Introduction: Few studies have addressed the genetic spectrum of NPHS1 variants in Chinese children with nephrotic syndrome. In this multicenter study, the clinical manifestations and features of NPHS1 variants in Chinese children with nephrotic syndrome were researched. Method: Genotypical and phenotypical data from 30 children affected by NPHS1 variants were collected from a multicenter registration system in China and analyzed retrospectively. Results: The patients were divided into two groups: congenital nephrotic syndrome (CNS [n = 24]) and non-CNS (early onset nephrotic syndrome [n = 6]). Renal biopsy was performed on four patients in the non-CNS group, revealing minimal change disease in three and focal segmental glomerulosclerosis in one. A total of 61 NPHS1 variants were detected, involving 25 novel variants. The "recurrent variants" included c.928G>A(p.Asp310Asn) in eight patients with CNS, followed by c.616C>A(p.Pro206Thr) in four, and c.2207T>C (p.Val736Ala) in three. Steroid treatment was applied in 29.2% (7/24)of the patients in the CNS group and 50% (3/6) of the patients in the non-CNS group.
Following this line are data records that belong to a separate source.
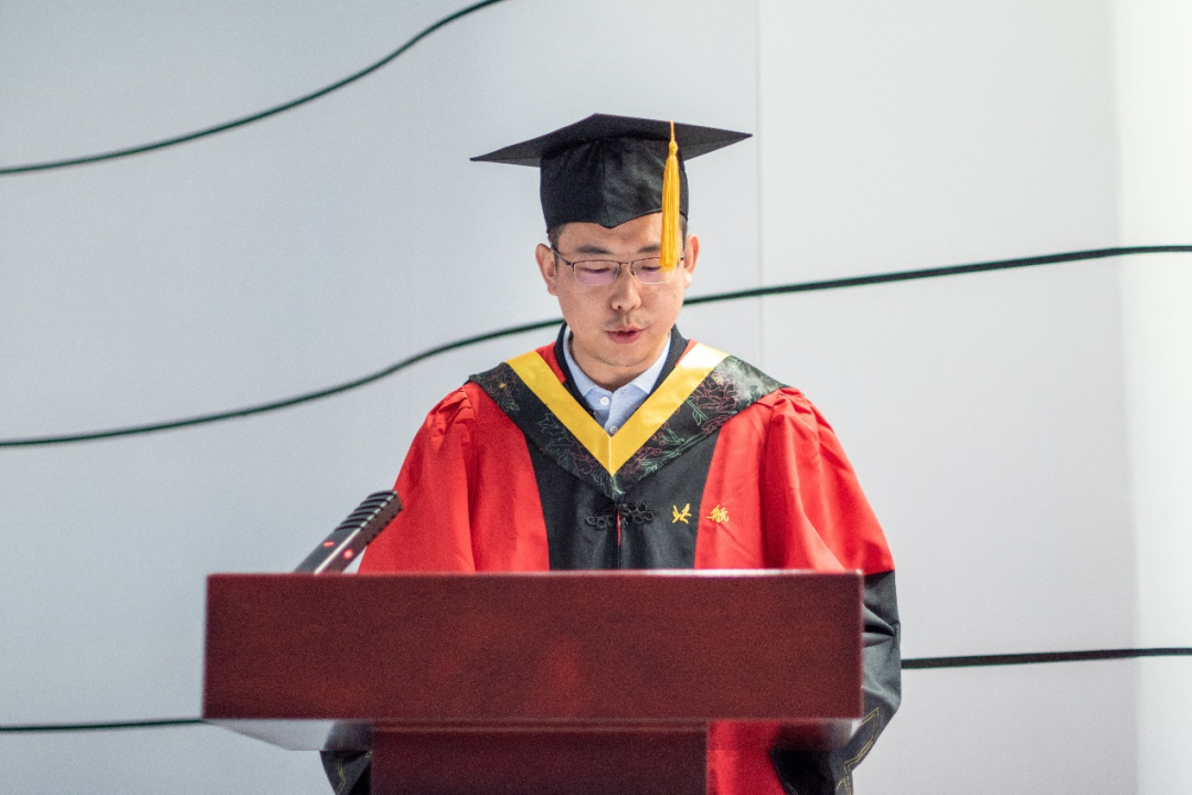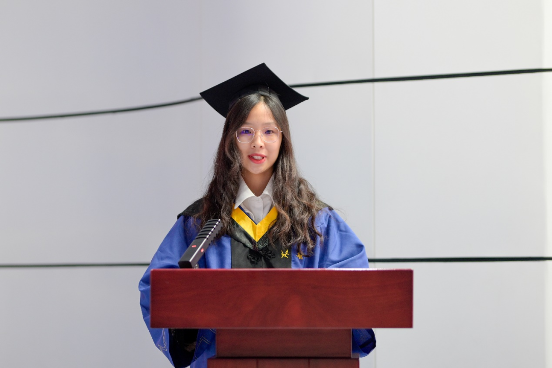 毕业生代表张芊同学,回顾了在jinnianhui金年会诚信至上的求学历程,讲述了她在仰望星空中融入“大我”成就“小我”,探索“未知”开启“真知”,追寻初心,勇担使命的故事。
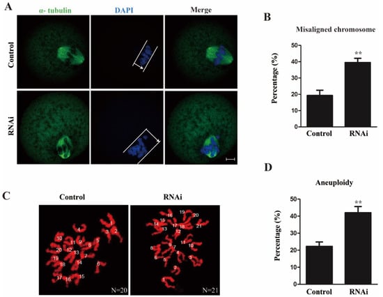 2.3. Rae1 Interference Induces Abnormal Chromosome Alignment and a High Incidence of Aneuploidy
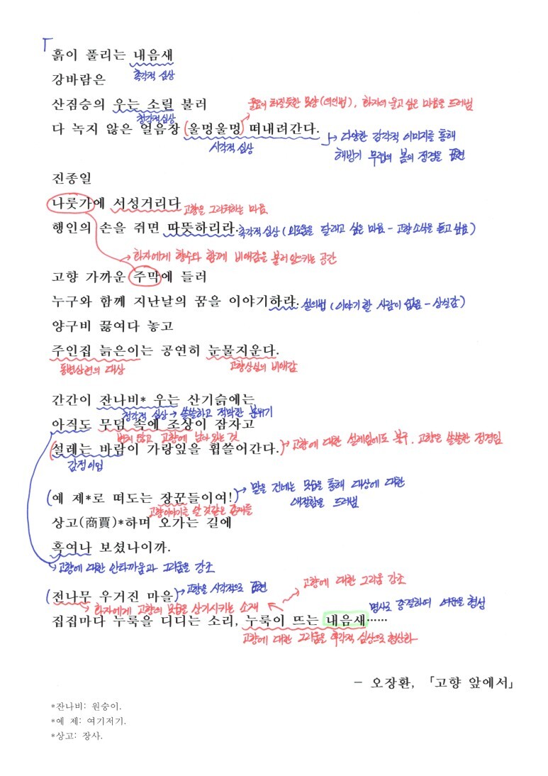 위에서 언급한 것과 같이 이 작품은 화자가 고향 가까이 왔지만 자신이 그리워했던 고향의 모습을 볼 수 없는 현실 앞에서 느끼는 정신적 상실감을 노래하고 있는데요. 그리워하던 고향에 가지 못하고 떠돌이 장꾼들에게서 고향의 정취만이라도 확인하려는 화자의 모습에서 비애와 향수감이 느껴집니다.
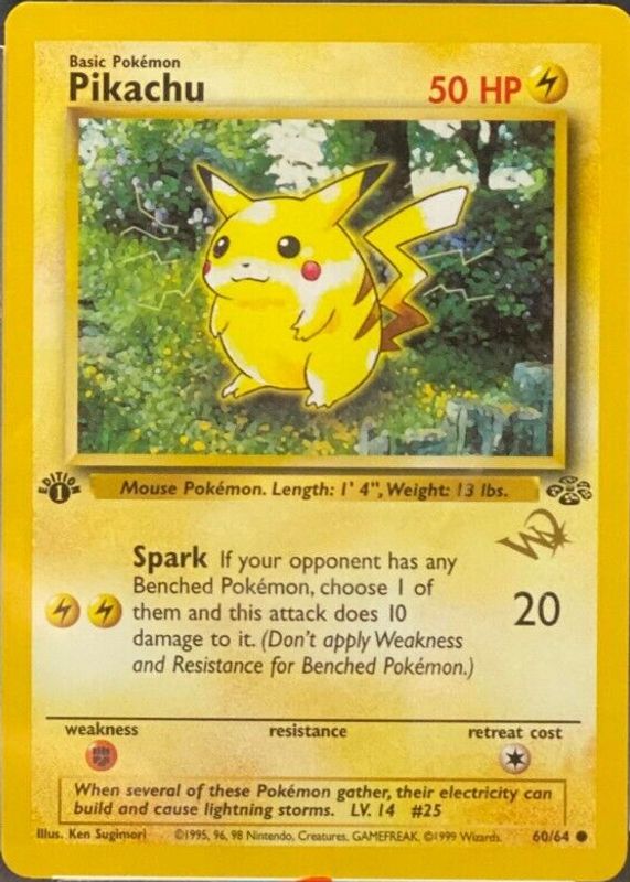 Pokémon TCG PIKACHU 1ST EDITION Jungle Promo “W” Stamped 60/64 NM

One patient in each group experienced complete remission but relapsed subsequently. Immunosuppressants were administered to three patients in the non-CNS group, eliciting an effective response. In the CNS group, three patients underwent renal transplantation and six died mainly from infection. Conclusion: Variants of NPHS1 cause CNS and early childhood-onset nephrotic syndrome. NPHS1 variants in Chinese individuals with nephrotic syndrome (NS) were mainly compound heterozygous variants, and c.928G>A(p.Asp310Asn) in exon 8 may act as a recurrent variant in the Chinese population, followed by c.616C>A(p.Pro206Thr) in exon 6. Steroids and immunosuppressants may be effective in selected patients.

Keywords: NPHS1; children; congenital nephrotic syndrome; multicenter; steroid resistance; variants.